What to do: All of the data should be repeated exactly; pictures are not part of the copy.

Collected material:
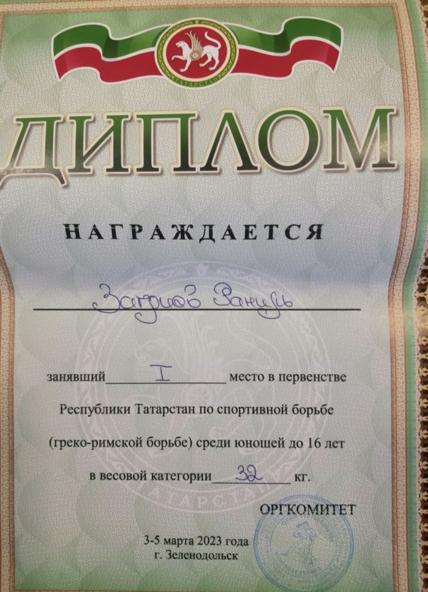 Загриев Раниль 1 место в Первенстве РТ по греко-римской борьбе среди юношей до 16 лет (03-05.03.2023)
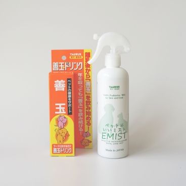 トーラス株式会社では、多くのペットにEMを届けたい思いから犬、猫、小鳥、小動物向けのサプリメントから、グルーミングスプレーや消臭剤などを販売しています。
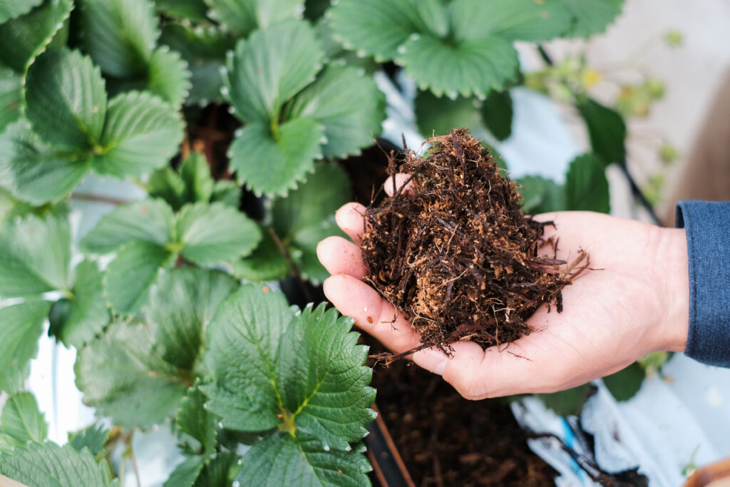特徴としては、自社の事業の1つである木材加工の過程で生まれる木くずや樹皮を培土に活用するなど、資源を循環させながら栽培しています。

Problem solution:
 Загриев Раниль 1 место в Первенстве РТ по греко-римской борьбе среди юношей до 16 лет (03-05.03.2023)
 トーラス株式会社では、多くのペットにEMを届けたい思いから犬、猫、小鳥、小動物向けのサプリメントから、グルーミングスプレーや消臭剤などを販売しています。
特徴としては、自社の事業の1つである木材加工の過程で生まれる木くずや樹皮を培土に活用するなど、資源を循環させながら栽培しています。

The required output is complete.